Com a privatização dos CTT um novo ciclo na distribuição postal se iniciou no nosso País concorde-se, ou não, com a opção que o Governo assumiu.
Ou seja, o Governo decidiu que o correio, as encomendas postais, os vales postais, etc., passassem para a iniciativa privada e terminando, com esta opção política de vermos os Correios, ou os CTT como sempre os vimos – como entidades ou serviços públicos.
E, sendo assim não posso deixar de estranhar a opção do Presidente Augusto Barros e restante Executivo da Junta de Freguesia Urbana de S. João Baptista e Santa Maria dos Olivais de, no seu edifício construído com dinheiros públicos e devendo o mesmo estar ao serviço da comunidade da freguesia, possibilitar que uma empresa privada nele se instale e faça negócios privados a troco de uma “esmola” para a freguesia.
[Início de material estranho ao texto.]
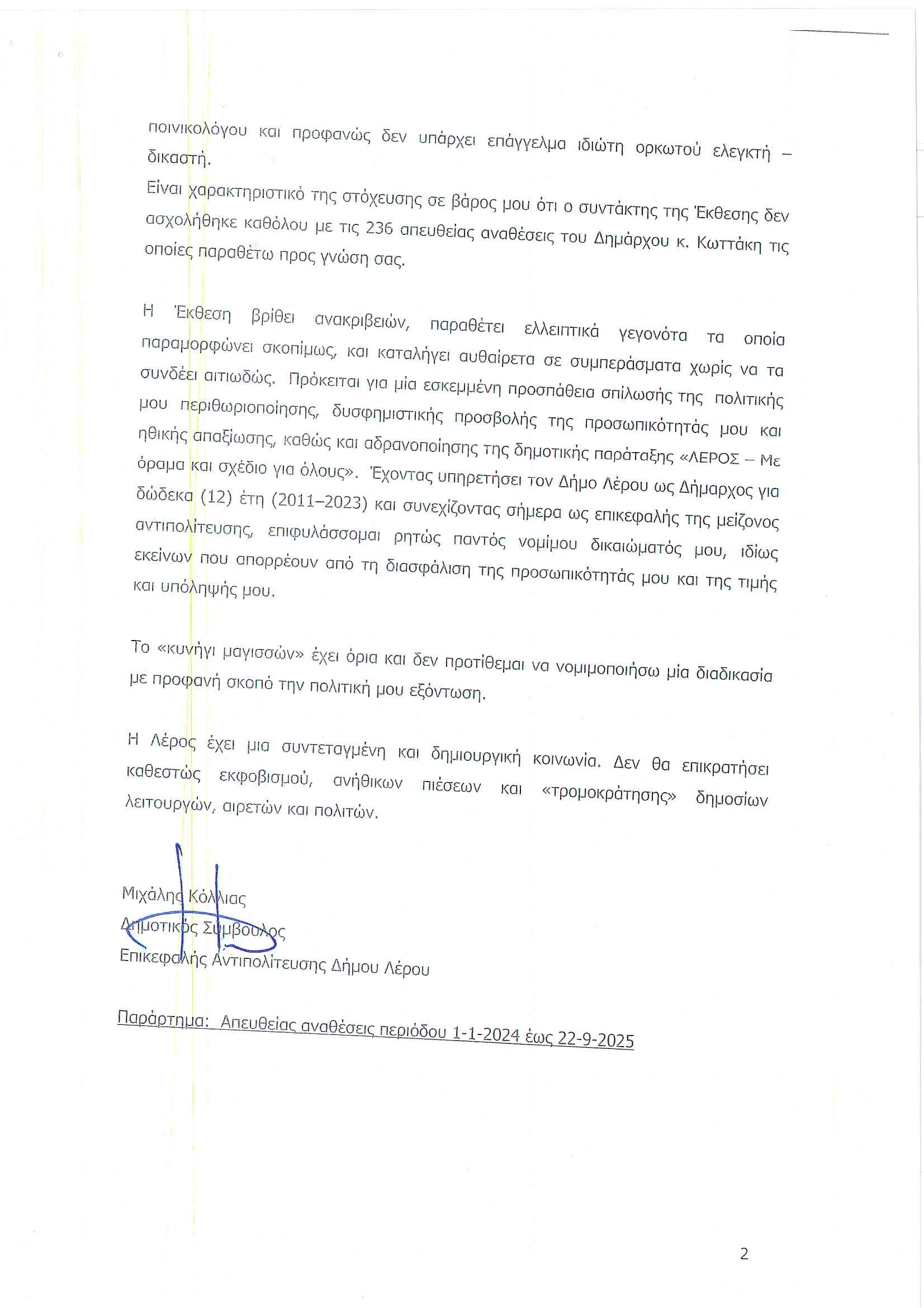 Η Έκθεση βρίθει ανακριβειών, παραθέτει ελλιπτικά γεγονότα τα οποία παραμορφώνει σκοπίμως, και καταλήγει αυθαίρετα σε συμπεράσματα χωρίς να τα συνδέει αιτιωδώς. Πρόκειται για μία εσκεμμένη προσπάθεια σπίλωσης της πολιτικής μου περιθωριοποίησης, δυσφημιστικής προσβολής της προσωπικότητάς μου και ηθικής απαξίωσης, καθώς και αδρανοποίησης της δημοτικής παράταξης «ΛΕΡΟΣ – Με όραμα και σχέδιο για όλους». Έχοντας υπηρετήσει τον Δήμο Λέρου ως Δήμαρχος για δώδεκα (12) έτη (2011–2023) και συνεχίζοντας σήμερα ως επικεφαλής της μείζονος αντιπολίτευσης, επιφυλάσσομαι ρητώς παντός νομίμου δικαιώματός μου, ιδίως εκείνων που απορρέουν από τη διασφάλιση της προσωπικότητάς μου και της τιμής και υπόληψής μου.

Estranheza aquela que nos levou, PSD a votar contra tal opção porque dificilmente compreendida pela população. Votar contra porque são os funcionários da Junta que se vêm obrigados a trabalhar para terceiros (privados) prejudicando o serviço público; trabalhadores da Junta que manuseiam dinheiros privados sem condições de segurança (JÁ SE ESQUECEU O SR. PRESIDENTE DO ASSALTO HÁ POUCOS MESES A UM FUNCIONÁRIO DOS CTT EM PLENA VIA PUBLICA), e se for a um funcionário da Junta no futuro? E se, actualmente, o manuseio de dinheiros públicos já é preocupante, o que será com dinheiros privados. É importante não esquecer que os CTT, na actual versão de empresa privada, pagam vales de correio; pensões de reforma e outras. Ou seja, temos a partir do momento em que se inicia a actividade ao serviço dos CTT a responsabilização de funcionários da Junta. E será que o executivo da Junta pensou em tal? Tomou as necessárias medidas de segurança? Ou vai contratar uma empresa de segurança privada para garantir a segurança de funcionários e de instalações? Ponderou num contrato de seguro que proteja os funcionários?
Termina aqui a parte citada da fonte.